Time and again she saw a dignity which made her have to swallow back tears as old men struggled to hide their poverty and force their bodies, disabled by age and injury, to rise and offer her some hospitality. She was walking in the footsteps of Cleo Anderson, trying to give some of the same comfort, and failing because she had not the means.

Rage burned inside her also. No one should have to beg for what he had more than earned.

She loathed asking for information about the medicine they had had. Nearly all of them knew that Cleo was being tried for her life. All Hester could do was tell the truth. Every last man was eager to give her any help he could, to open cupboards and show her powders, to give her day-by-day recounting of all he had had.

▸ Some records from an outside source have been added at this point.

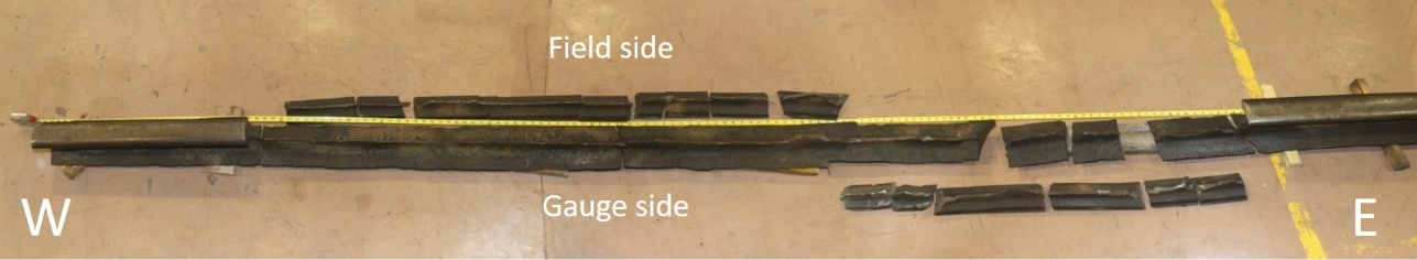 - Of the multiple rail pieces recovered, 1 piece, located between 40 and 46 inches from the easternmost fracture point of the rail, had a deep gouge on the field side.
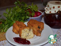 Готовые крокеты украсить брусничным (либо клюквенным соусом) и подавать как гарнир, либо как самостоятельное блюдо со свежей зеленью и овощами. |
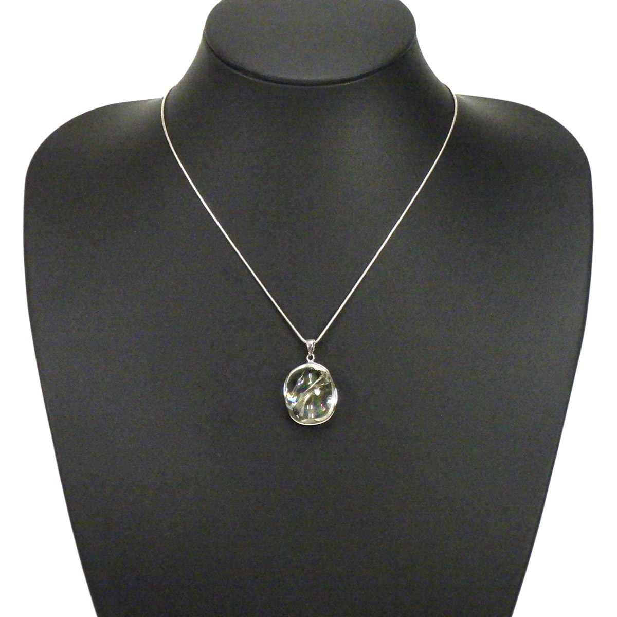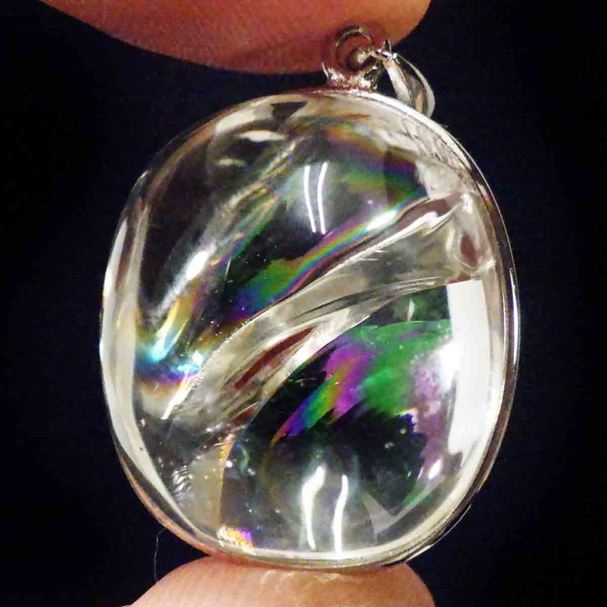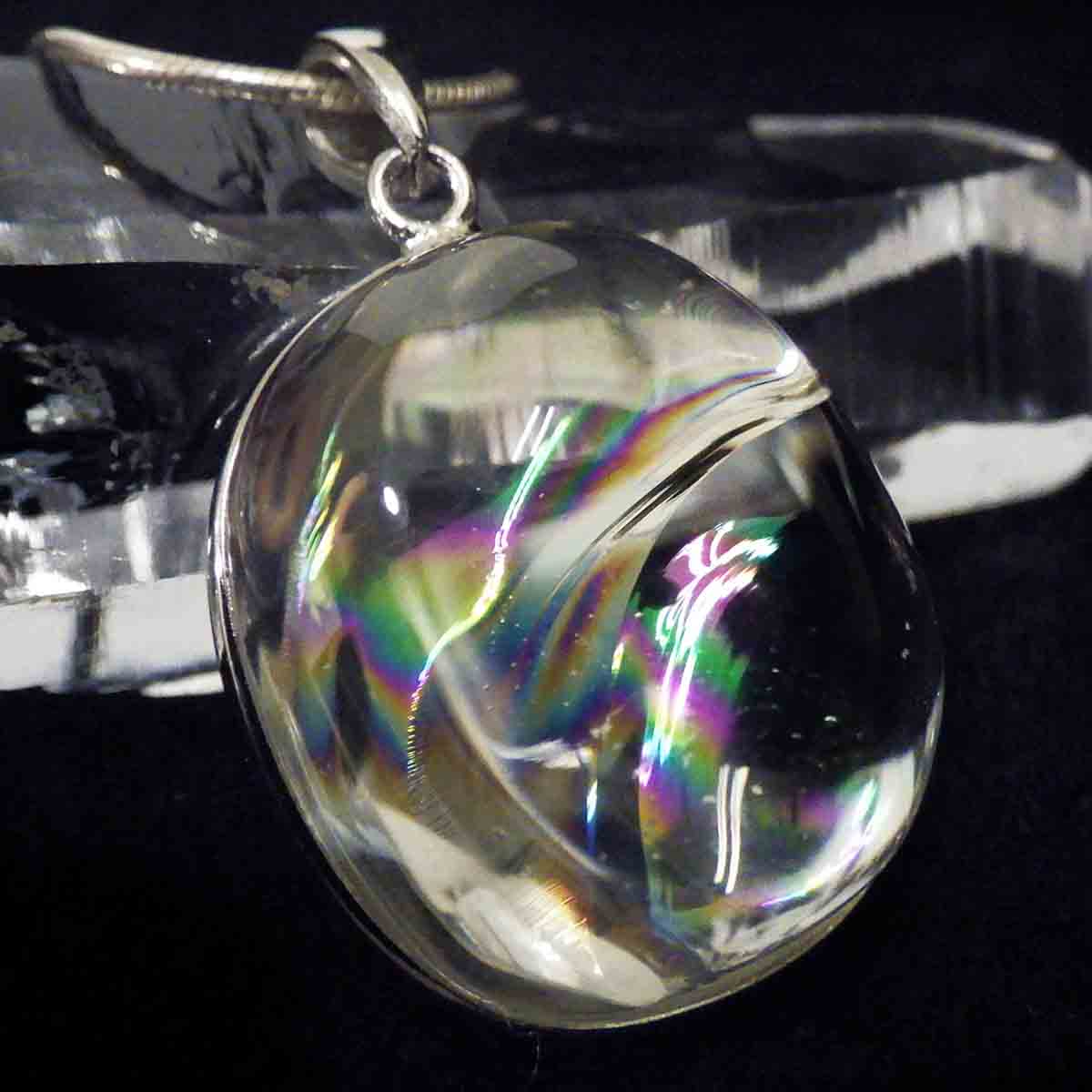 レインボーを残すように膨らみのある半球状のカボションペンダントに加工しました。透明度が高く、大きさもある水晶のレインボー部分のみを磨き上げており、虹色を閉じ込めた大変美しいペンダントに仕上がっています。レインボークォーツは別名アイリスクォーツとも呼ばれており、持ち主を幸福や希望に導くとされています。

She would have given any price she could think of to be able to promise them it would save Cleo, but she could only offer hope, and little enough of that.

When she arrived home at quarter past ten, Monk was beginning to worry about her. He was standing up, unable to relax in spite of his own weariness. She did notice that he had taken his boots off.

"Where have you been?" he demanded.

She walked straight to him and put her head on his shoulder. He closed his arms around her, holding her gently, laying his cheek to her brow. He did not need her to explain the emotion she felt; he saw it in her face, and understood.

"It’s wrong," she said after a few minutes, still holding on to him. "How can we do it? We turn to our bravest and best when we are in danger, we sacrifice so much—fathers and brothers, husbands and sons—and then a decade, a generation later, we only want to forget! What’s the matter with us?"

He did not bother to answer, to talk about guilt or debt, or the desire to be happy without remembering that others have purchased it at a terrible price—even resentment and simple blindness and failure of imagination. They had both said it all before.

"What did you find?" she said at last, straightening up and looking at him.

"I’m not sure," he replied. "Do you want a cup of tea?"

"Yes." She went towards the kitchen, but he moved ahead of her.

"I’ll bring it." He smiled. "I wasn’t asking you to fetch one for me—even though I’ve probably walked as far as you have, and to as little purpose."

She sat down and took off her boots as well. It was a particular luxury, something she would only do at home. And it was still very sweet to realize this was her home, she belonged there, and so did he.

When he returned with the tea and she had taken a few sips, she asked him again what he had learned.